RRF(Reciprocal Rank Fusion)란?

RRF(Reciprocal Rank Fusion)는 문자 그대로 역수(Reciprocal)를 이용해 순위(Rank)를 혼합(Fusion)하는 알고리즘입니다. 구글에서 만든 알고리즘인데¹, 다른 알고리즘보다 낫다고 알려져 있습니다.

구체적으로는 아래와 같은 수식을 이용해 계산하게 됩니다.

$$ \text{score}^d_\text{RRF} = \sum_{r \in R} \frac{1}{k+\text{rank}^d_{r}} $$

수식이 복잡하다면 아래와 같은 파이썬 예제 코드로 생각하셔도 무방합니다.

def get_document_rank(ranking_list, target_document):
    # ranking_list is a list of documents in ranked order
    # e.g. ['A', 'B', 'C']
    return ranking_list.index(target_document) + 1

def calculate_rrf_score(ranking_lists, target_document):
    # K is a constant factor
    K = 3
    # find rank of document in ranks
    return sum(
        [
            1 / (K + get_document_rank(ranking_list, target_document))
            for ranking_list in ranking_lists
        ]
    )

예를 들어, A, B, C 세 문서에 대해 다음과 같이 점수를 매겨보았다고 가정해봅시다.

문서	알고리즘 X	알고리즘 Y
A	0.5 (2위)	0.9 (2위)
B	0.3 (3위)	0.95 (1위)
C	0.7 (1위)	0.82 (3위)

k를 3으로 잡으면 RRF는 다음과 같습니다.

문서	X 순위	Y 순위	계산식	점수
A	2	2	$\frac{1}{3+2}+\frac{1}{3+2}=0.4$	0.4
B	3	1	$\frac{1}{3+3}+\frac{1}{3+1}=0.416$	0.416
C	1	3	$\frac{1}{3+1}+\frac{1}{3+3}=0.416$	0.416

논문 저자는 이런 기법을 사용하는 이유에 대해 다음과 같이 설명하고 있습니다.

Our intuition in choosing this formula derived from fact that while highly-ranked documents are more important, the importance of lower-ranked documents does not vanish as it would were, say, an exponential function used.

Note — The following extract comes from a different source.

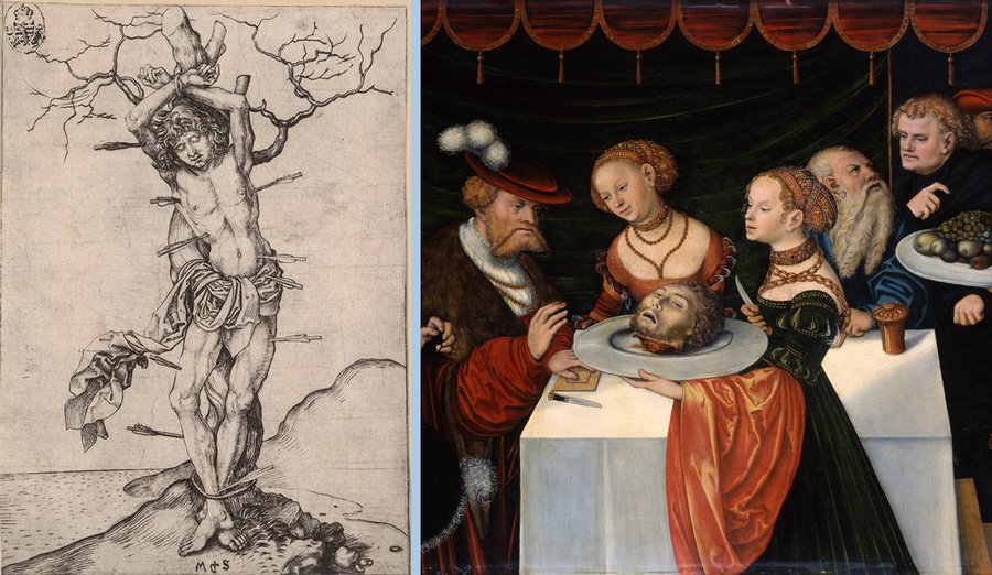 «Святой Себастьян», Мартин Шонгауэр, вторая половина XV века // «Саломея с головой Иоанна Крестителя за столом Ирода», Лукас Кранах Младший, 1537 // Автопортреты, Герхард Вьенковский, XX век

The constant k mitigates the impact of high rankings by outlier systems
높은 순위의 문서들이 더 중요하지만, 예를 들어 지수 함수를 사용했다고 해서 낮은 순위의 문서들이 덜 중요하게 되는 것은 아니라는 사실이 이 공식을 고르게 된 직관적인 이유였다. 상수 k는 아웃라이어 알고리즘(outlier systems)의 높은 순위가 영향을 주는 것을 완화하는 역할을 한다.

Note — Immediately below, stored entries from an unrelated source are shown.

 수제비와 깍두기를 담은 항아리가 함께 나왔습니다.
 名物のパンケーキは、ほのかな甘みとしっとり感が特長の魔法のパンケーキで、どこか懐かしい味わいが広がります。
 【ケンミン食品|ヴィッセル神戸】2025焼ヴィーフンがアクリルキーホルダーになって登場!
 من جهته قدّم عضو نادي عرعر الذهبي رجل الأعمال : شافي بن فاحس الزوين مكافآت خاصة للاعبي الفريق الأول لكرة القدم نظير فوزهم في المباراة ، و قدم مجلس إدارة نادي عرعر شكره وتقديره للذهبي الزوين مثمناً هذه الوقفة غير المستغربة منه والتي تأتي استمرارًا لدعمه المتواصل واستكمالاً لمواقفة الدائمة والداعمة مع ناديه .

Cormack, Gordon V., Charles LA Clarke, and Stefan Buettcher. “Reciprocal rank fusion outperforms condorcet and individual rank learning methods.” In Proceedings of the 32nd international ACM SIGIR conference on Research and development in information retrieval, pp. 758-759. 2009. ↩︎